▶ Source information
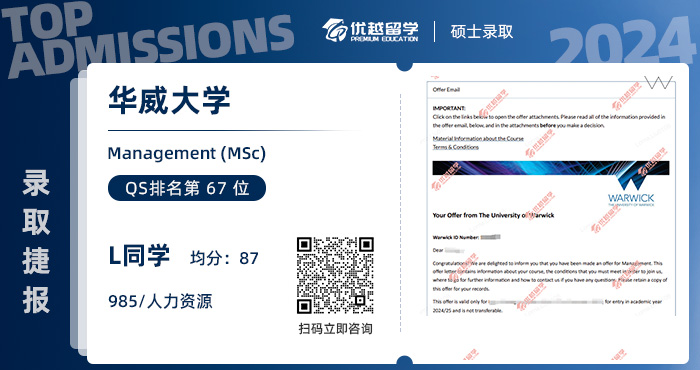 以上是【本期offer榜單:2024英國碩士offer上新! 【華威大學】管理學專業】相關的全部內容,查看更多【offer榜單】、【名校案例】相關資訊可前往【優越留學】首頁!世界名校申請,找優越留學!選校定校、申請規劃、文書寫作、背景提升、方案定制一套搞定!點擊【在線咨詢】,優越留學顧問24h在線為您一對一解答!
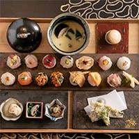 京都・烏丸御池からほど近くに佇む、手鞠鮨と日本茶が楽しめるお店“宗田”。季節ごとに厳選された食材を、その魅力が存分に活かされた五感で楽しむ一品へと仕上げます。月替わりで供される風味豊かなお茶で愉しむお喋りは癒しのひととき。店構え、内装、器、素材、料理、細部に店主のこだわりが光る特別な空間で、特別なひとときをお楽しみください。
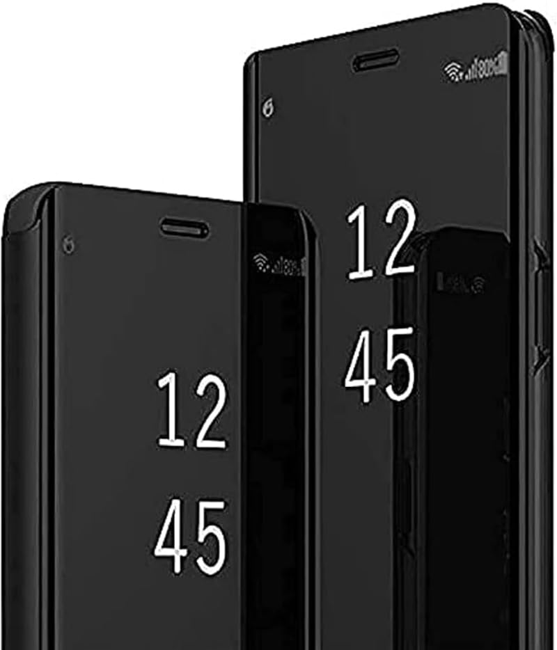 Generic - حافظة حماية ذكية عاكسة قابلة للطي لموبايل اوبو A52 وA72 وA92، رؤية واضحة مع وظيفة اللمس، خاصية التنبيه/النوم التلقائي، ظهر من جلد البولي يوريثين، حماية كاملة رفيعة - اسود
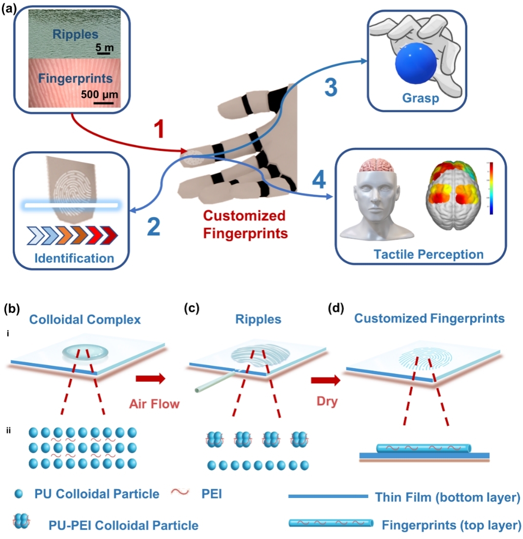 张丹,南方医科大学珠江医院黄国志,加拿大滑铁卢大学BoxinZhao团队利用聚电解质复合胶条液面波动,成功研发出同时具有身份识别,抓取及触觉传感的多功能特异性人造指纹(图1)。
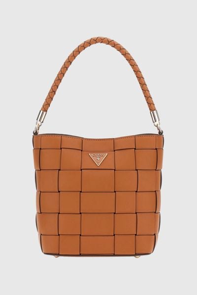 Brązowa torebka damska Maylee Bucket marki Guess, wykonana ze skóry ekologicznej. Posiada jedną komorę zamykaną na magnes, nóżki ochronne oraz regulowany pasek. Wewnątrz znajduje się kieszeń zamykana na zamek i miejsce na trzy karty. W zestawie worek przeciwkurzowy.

▶ Try it
No pictures should appear in the answer, which is to be the lines from the line with "京都・烏丸御池からほど近くに" through the end of the records above, restated exactly.

▶ Expected output
 京都・烏丸御池からほど近くに佇む、手鞠鮨と日本茶が楽しめるお店“宗田”。季節ごとに厳選された食材を、その魅力が存分に活かされた五感で楽しむ一品へと仕上げます。月替わりで供される風味豊かなお茶で愉しむお喋りは癒しのひととき。店構え、内装、器、素材、料理、細部に店主のこだわりが光る特別な空間で、特別なひとときをお楽しみください。
 Generic - حافظة حماية ذكية عاكسة قابلة للطي لموبايل اوبو A52 وA72 وA92، رؤية واضحة مع وظيفة اللمس، خاصية التنبيه/النوم التلقائي، ظهر من جلد البولي يوريثين، حماية كاملة رفيعة - اسود
 张丹,南方医科大学珠江医院黄国志,加拿大滑铁卢大学BoxinZhao团队利用聚电解质复合胶条液面波动,成功研发出同时具有身份识别,抓取及触觉传感的多功能特异性人造指纹(图1)。
 Brązowa torebka damska Maylee Bucket marki Guess, wykonana ze skóry ekologicznej. Posiada jedną komorę zamykaną na magnes, nóżki ochronne oraz regulowany pasek. Wewnątrz znajduje się kieszeń zamykana na zamek i miejsce na trzy karty. W zestawie worek przeciwkurzowy.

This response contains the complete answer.